我正在为具有2个隐藏层的神经网络编写代码。这是我的代码片段:
for i in range(200):
z1 = sigmoid(np.dot(W1, X_train) + b1)
z2 = sigmoid(np.dot(W2, z1) + b2)
z3 = sigmoid(np.dot(W3, z2) + b3)
C = cost(z3, Y_train)
print(C)
d3 = - np.multiply(np.multiply(z3, 1-z3), (np.divide(Y_train, z3) - np.divide(1 - Y_train, 1 - z3)))
dw3 = np.dot(d3, z2.T)
db3 = np.sum(d3, axis=1, keepdims=True)
d2 = np.multiply(np.dot(W3.T, d3), np.multiply(z2, 1-z2))
dw2 = np.dot(d2, z1.T)
db2 = np.sum(d2, axis=1, keepdims=True)
d1 = np.multiply(np.dot(W2.T, d2), np.multiply(z1, 1-z1))

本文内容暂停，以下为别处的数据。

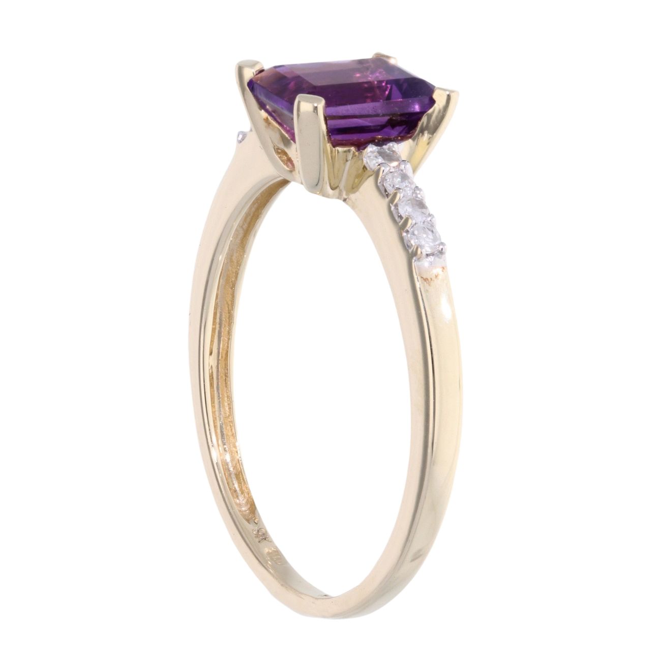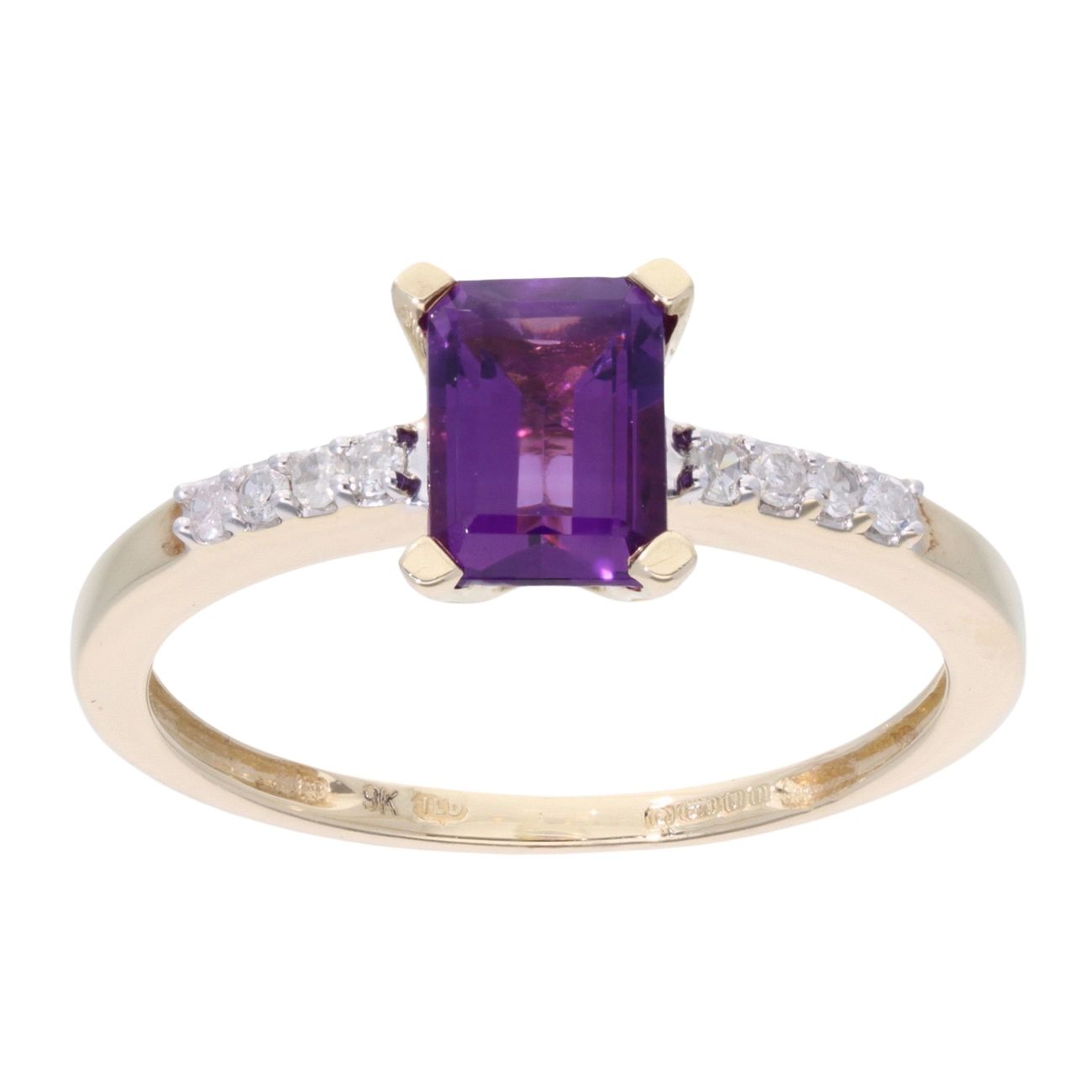 9ct Yellow Gold Created Amethyst And Diamond Ring

dw1 = np.dot(d1, X_train.T)
db1 = np.sum(d1, axis=1, keepdims=True)
W1 -= 0.005*dw1
W2 -= 0.005*dw2
W3 -= 0.005*dw3
b1 -= 0.005*db1
b2 -= 0.005*db2
b3 -= 0.005*db3
成本函数:
def cost(p, y):
loss = -(np.multiply(y, np.log(p)) + np.multiply((1 - y), np.log(1 - p)))
c = np.sum(loss)*1.0 / p.shape[1]
return c
尺寸:
X_train : 784x60000
W1: 100x784
b1: 100x1
W2: 40x100
b2: 40x1
W3: 10x40
b3: 10x1
我的成本似乎有所下降一段时间,然后开始在某个点上振荡,我的准确性根本没有增加。我的代码出了什么问题?